§ **WHAT YOU HAVE TO DO**
The full listing, written out exactly and without images, is the expected result.

+---+

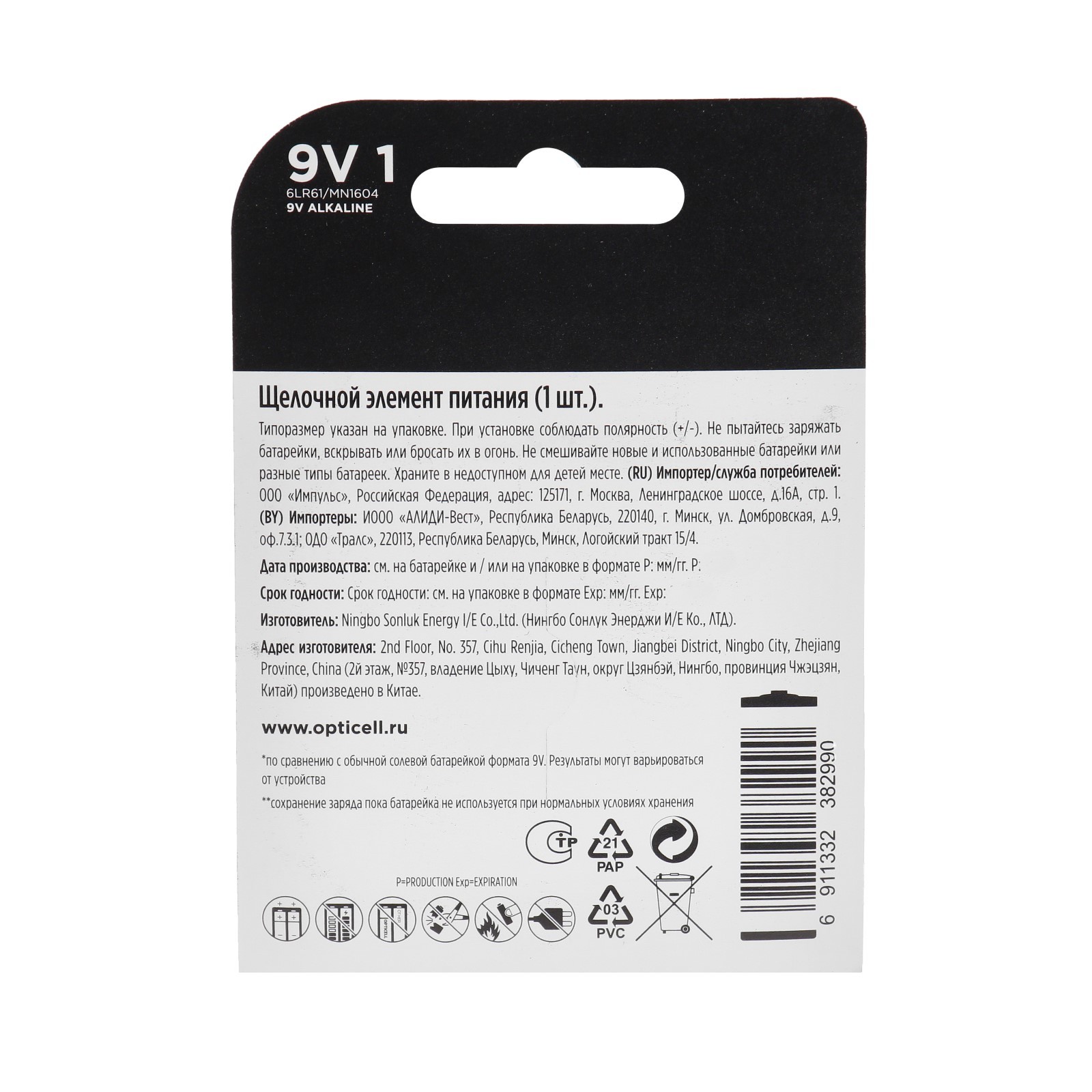 Батарейка алкалиновая opticell, 9v, 6lr61-1bl, крона, 9в, блистер, 1 шт. Батарейки базовой линейки Opticell размера 9V — надежный источник питания для часто используемых устройств, нуждающихся в дополнительной мощности, таких как механизированные игрушки, фонарики, портативные игровые консоли, пульты дистанционного управления и т. д. Работают намного дольше!* (*по сравнению с обычной солевой батарейкой формата 9V. Результаты могут варьироваться от устройства). Срок хранения до 10 лет** (**сохраняет заряд пока батарейка не используется при нормальных условиях хранения). Защита от протеканияНе содержит тяжелых металловвидео parts count: 0 В упаковке, шт.: 1 Вид упаковки: Блистер Типоразмер батареек: Крона Тип батарейки: Алкалиновая Температурное ограничение: Нет  развернуть описание ▼
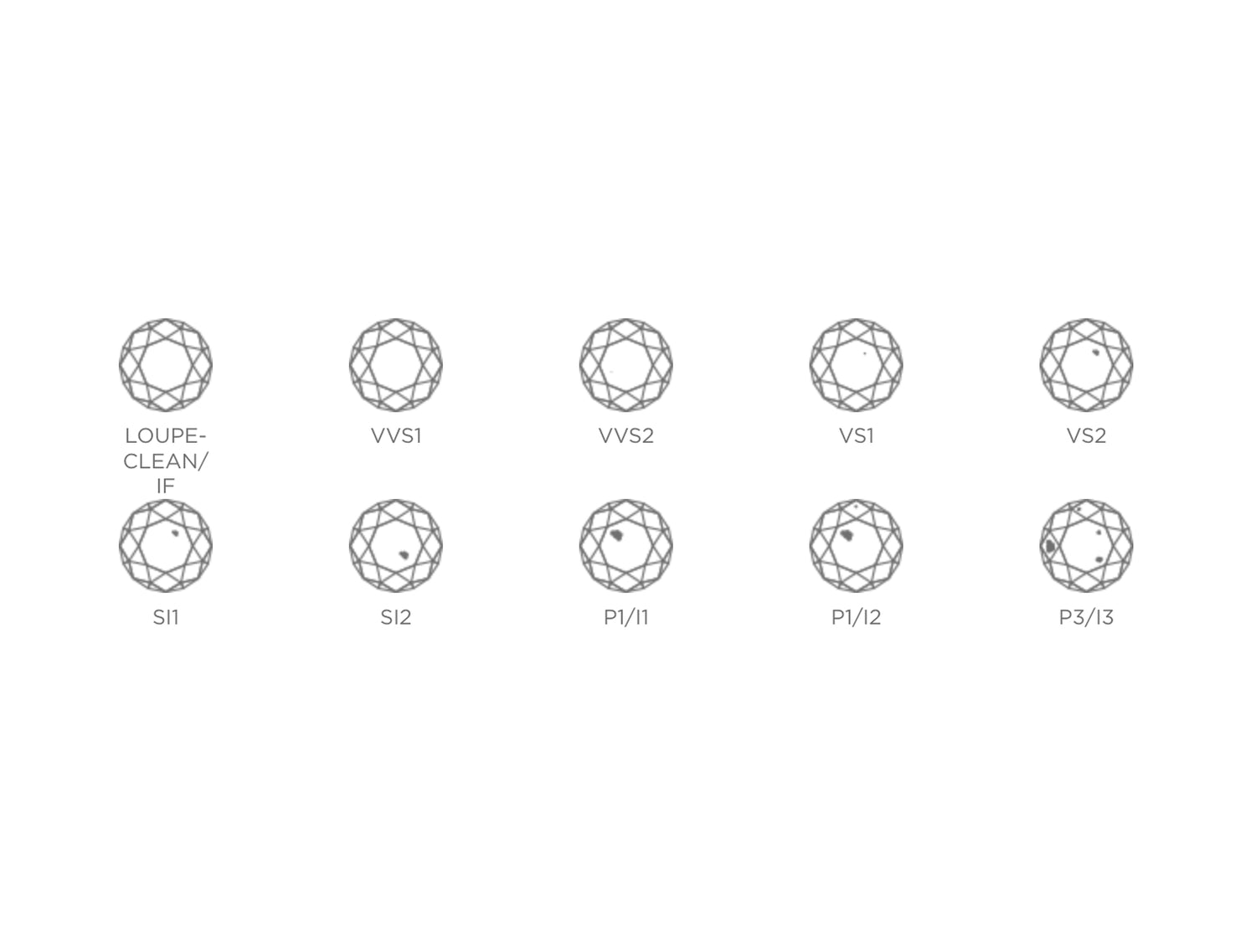 Diamonds can contain external or internal imperfections known as blemishes and inclusions. Clarity is evaluated on the degree of which these imperfections are visible. Diamond imperfections are often difficult to see with the naked eye, however significant imperfections may affect brilliance.
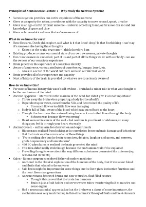 These are my NEUR30003 lecture transcriptions taken lecture by lecture. They are so detailed and help to explain everything - saving a lot of time re-watching the lectures or scratching your head wondering what it was that the lecturer said about that picture! These are a fantastic base to go on and further summarise as they have absolutely everything you need to know. An invaluable resource! Lecture 1 – Why Study the Nervous System? Lecture 2 – Cellular Basis of Neural Function Lecture 3 – Neural Communication and Plasticity Lecture 4 – Development of the Nervous System Lecture 5 – Measurement of Neural Structure and Function Lecture 6 – Touch Lecture 7 – Visual System I Lecture 8 – Visual System II Lecture 9 – Auditory System Lecture 10 – Gustation and Olfaction Lecture 12 – Lower Motorneurone Lecture 13 – Upper Motorneuron Lecture 14 – Modulation of Movement Lecture 18 – Neural Control of Digestion Lecture 19 – Sensory: Motor Integration: OPTOGENETICS Lecture 20 – Learning and Memory Lecture 21 – Molecular Mechanisms of Memory Lecture 22 – Memory Modules for Time, Place and Space Lecture 23 – Pain Lecture 24 – Emotions: Fear Lecture 25 – Motivation and Reward Lecture 26 – Social Cognition Lecture 27 – Disorders of the Nervous System Lecture 28 – Disorders of the Nervous System II: Autism Lecture 29 – Disorders of the Nervous System III: Developmental Disorder Lecture 31 – Evolution and Brains Lecture 32 – Language Lecture 33 – Disorders of Thought and Mood Lecture 34 – Cognition Lecture 35 – Consciousness
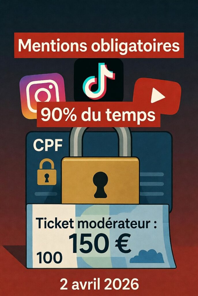 En parallèle, le décret n° 2026-233 du 30 mars 2026 impose des règles très contraignantes aux influenceurs et organismes de formation qui communiquent sur les formations financées par des fonds publics.
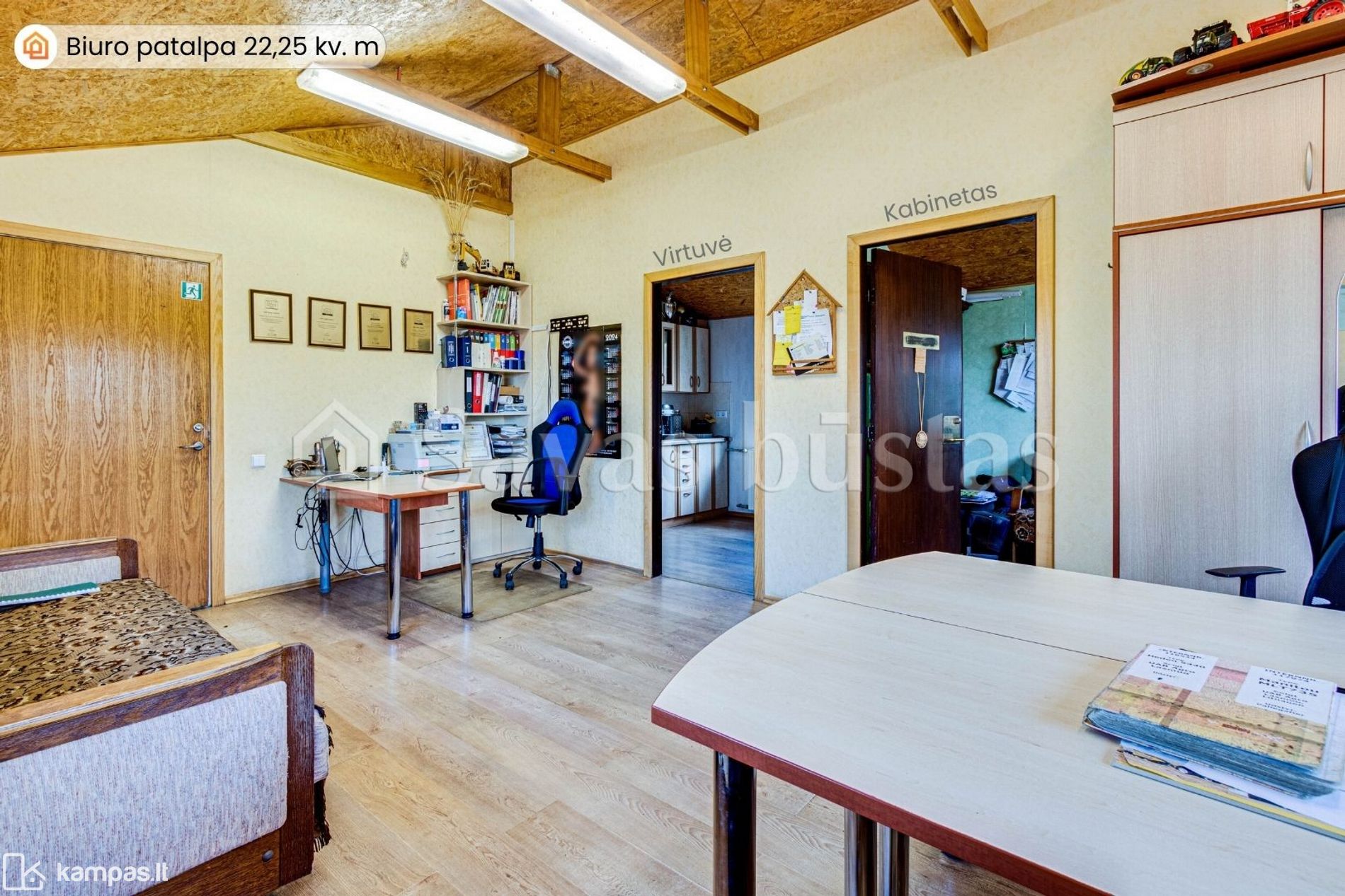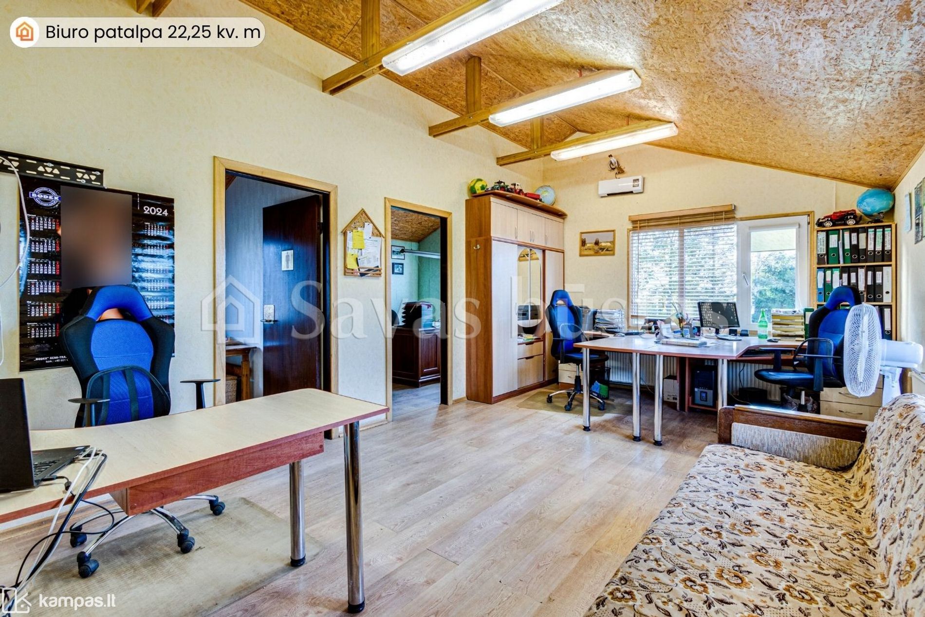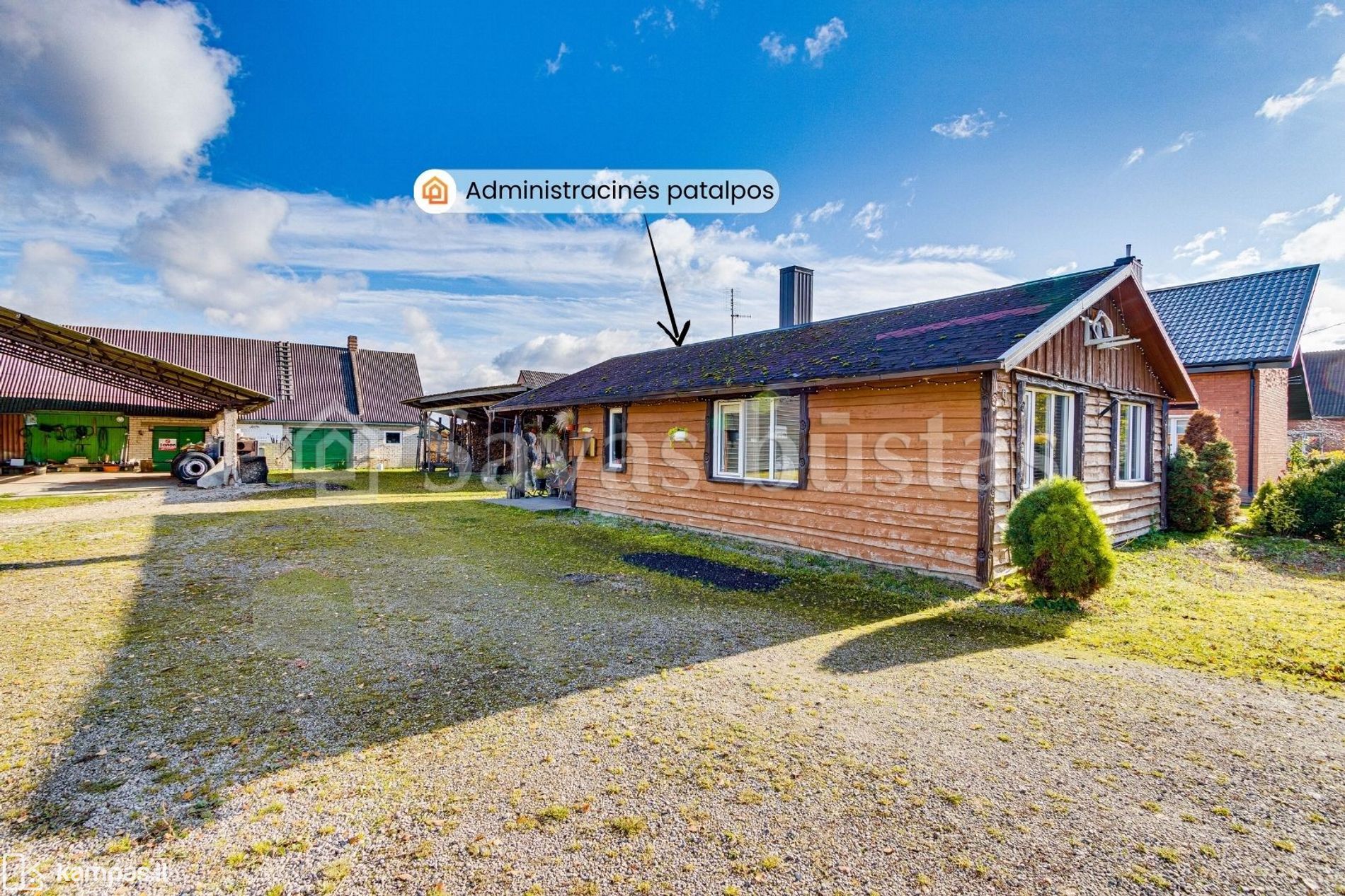 Administracinis pastatas karkasinės konstrukcijos, kurio bendras plotas – 61,68 kv. m. Šildymas – kietu kuru. Prijungtas gyvenvietės vandentiekis ir kanalizacija, vanduo šildomas kombinuotu vandens šildytuvu. Patogus patalpų išplanavimas: dvi biuro patalpos, darbuotojų poilsio kambarys, virtuvė, dušo ir WC patalpa.
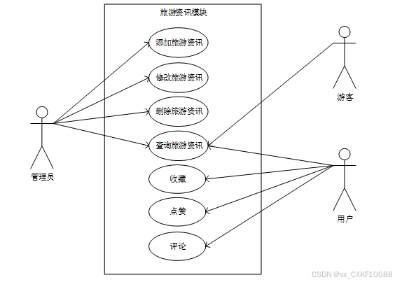 (5)旅游资讯模块:管理员在后台可以对旅游资讯及其分类进行增删改查,游客实现查看旅游资讯,用户进行收藏、点赞、评论。如下图2.5所示。
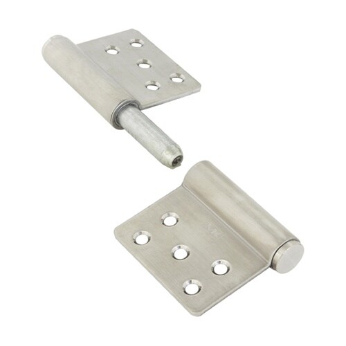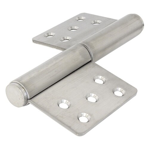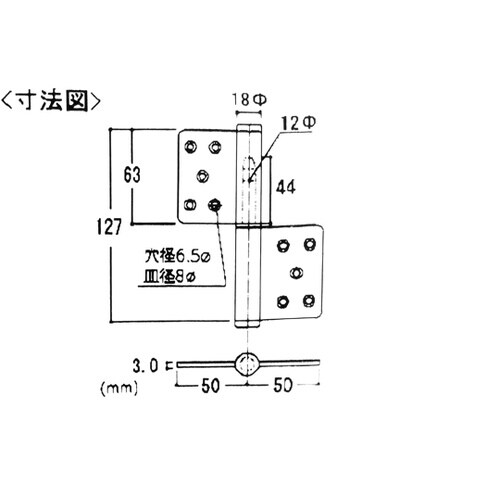 左右兼用の旗丁番です。室内物入等扉用取り付けの際、木部の割れやネジの破損を防ぐためキリで下穴を開けてください。付属ビスはございませんので、市販のビスをお買い求め下さい。 |

+---+

§ **TASK SOLUTION**
 Батарейка алкалиновая opticell, 9v, 6lr61-1bl, крона, 9в, блистер, 1 шт. Батарейки базовой линейки Opticell размера 9V — надежный источник питания для часто используемых устройств, нуждающихся в дополнительной мощности, таких как механизированные игрушки, фонарики, портативные игровые консоли, пульты дистанционного управления и т. д. Работают намного дольше!* (*по сравнению с обычной солевой батарейкой формата 9V. Результаты могут варьироваться от устройства). Срок хранения до 10 лет** (**сохраняет заряд пока батарейка не используется при нормальных условиях хранения). Защита от протеканияНе содержит тяжелых металловвидео parts count: 0 В упаковке, шт.: 1 Вид упаковки: Блистер Типоразмер батареек: Крона Тип батарейки: Алкалиновая Температурное ограничение: Нет  развернуть описание ▼
 Diamonds can contain external or internal imperfections known as blemishes and inclusions. Clarity is evaluated on the degree of which these imperfections are visible. Diamond imperfections are often difficult to see with the naked eye, however significant imperfections may affect brilliance.
 These are my NEUR30003 lecture transcriptions taken lecture by lecture. They are so detailed and help to explain everything - saving a lot of time re-watching the lectures or scratching your head wondering what it was that the lecturer said about that picture! These are a fantastic base to go on and further summarise as they have absolutely everything you need to know. An invaluable resource! Lecture 1 – Why Study the Nervous System? Lecture 2 – Cellular Basis of Neural Function Lecture 3 – Neural Communication and Plasticity Lecture 4 – Development of the Nervous System Lecture 5 – Measurement of Neural Structure and Function Lecture 6 – Touch Lecture 7 – Visual System I Lecture 8 – Visual System II Lecture 9 – Auditory System Lecture 10 – Gustation and Olfaction Lecture 12 – Lower Motorneurone Lecture 13 – Upper Motorneuron Lecture 14 – Modulation of Movement Lecture 18 – Neural Control of Digestion Lecture 19 – Sensory: Motor Integration: OPTOGENETICS Lecture 20 – Learning and Memory Lecture 21 – Molecular Mechanisms of Memory Lecture 22 – Memory Modules for Time, Place and Space Lecture 23 – Pain Lecture 24 – Emotions: Fear Lecture 25 – Motivation and Reward Lecture 26 – Social Cognition Lecture 27 – Disorders of the Nervous System Lecture 28 – Disorders of the Nervous System II: Autism Lecture 29 – Disorders of the Nervous System III: Developmental Disorder Lecture 31 – Evolution and Brains Lecture 32 – Language Lecture 33 – Disorders of Thought and Mood Lecture 34 – Cognition Lecture 35 – Consciousness
 En parallèle, le décret n° 2026-233 du 30 mars 2026 impose des règles très contraignantes aux influenceurs et organismes de formation qui communiquent sur les formations financées par des fonds publics.
 Administracinis pastatas karkasinės konstrukcijos, kurio bendras plotas – 61,68 kv. m. Šildymas – kietu kuru. Prijungtas gyvenvietės vandentiekis ir kanalizacija, vanduo šildomas kombinuotu vandens šildytuvu. Patogus patalpų išplanavimas: dvi biuro patalpos, darbuotojų poilsio kambarys, virtuvė, dušo ir WC patalpa.
 (5)旅游资讯模块:管理员在后台可以对旅游资讯及其分类进行增删改查,游客实现查看旅游资讯,用户进行收藏、点赞、评论。如下图2.5所示。
 左右兼用の旗丁番です。室内物入等扉用取り付けの際、木部の割れやネジの破損を防ぐためキリで下穴を開けてください。付属ビスはございませんので、市販のビスをお買い求め下さい。 |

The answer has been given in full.